Introductory Blog Recap

It was a pleasure getting to know my new students from reading their brief introductions and I’m always curious to know what students are thinking when they look over the syllabus. I asked them each to blog about the three topics from the course schedule they were most excited about and the three topics they were least excited about (for those of you not enrolled in the course, I’ve attached the syllabus to this post).

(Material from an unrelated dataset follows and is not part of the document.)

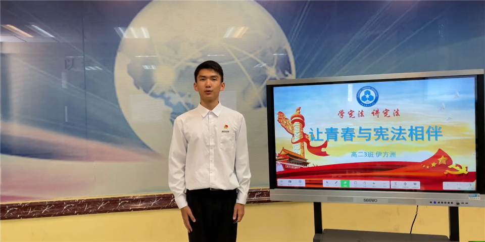 “大家好!我是来自Betway必威手机版的一名高二学生,我叫伊方洲,今年我十七岁,正是青春的年龄,所以,我今天演讲题目是《让青春与宪法相伴》。青春,是一个美好的词,一代人有一代的青春,对于我来说,我这一代的青春,我认为是幸运的。说我幸运,因为我出生在一个崭新的时代,生长在一个法治的社会,一个法治的国家。……”这是来自高二3班伊方洲同学的演讲稿,他用自己生动有力的演讲诠释了他对于宪法的理解。在2021年10月由福州市教育局第六届学生“学宪法 讲宪法”活动中高二3班伊方洲荣获高中组一等奖。
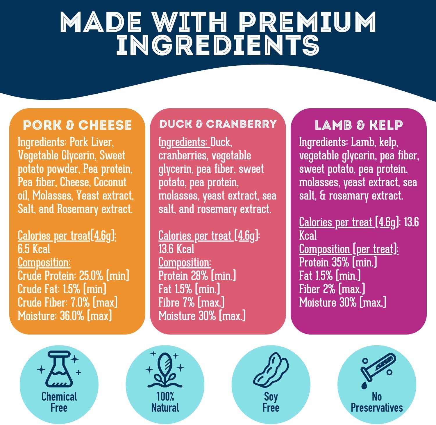 NATURAL TREATS FOR DOGS & CATS HIGH IN PROTEIN IN 3 GREAT FLAVORS – Our treats for dogs are 100% natural, filled with nutrient-rich pork, lamb, and duck meat. Packed with Omega 3s, vitamins and minerals such as Iron, Zinc, and Vitamin D, these cat and dog snacks are chemical-free with zero additives or preservatives, making them the ultimate choice for cat treats and dog treats alike. With these soft and chewy dog treats your furry family will receive the finest in nutritional support!

Starting with what students were least excited about, there were not many surprises there. Covering the scientific method, research methods, and experimental design are nearly always the top three responses, though the order varies from semester to semester. Students typically state they know these things already and/or expect the sessions to be dreadfully boring. Hopefully it won’t be as bad as they think, but even if it is these topics are all covered in the first 2 weeks of class so at least it’s done early. Students are also often wary of the brain, specifically it tends to be more about having to know so many structures while they are more excited about how it functions as a whole.

This semester my students seem really into memory. Several commented on having been fascinated with memory for some time, while others are hoping to get practical tips they can use for studying and exams. Social roles and personality are also rated highly this semester, while mental health issues came in toward the middle/back of those ranked, which is somewhat lower than they’ve been in my courses in the past.

It’s always interesting to see where my class will shake out in terms of sleep, stress, and drugs, alcohol, and the brain. These topics seem to generally split the class, and this was the case this semester as well. Some students described being interested for academic or personal reasons, while others said these topics have been done to death or just remind them how they aren’t doing well in these areas.

I’ve put the full responses in the table below. Does anything stand out or surprise you about my class’s preferences? If you were taking a general psychology course which of these topics would you be most/least excited about? Leave your answers in comments!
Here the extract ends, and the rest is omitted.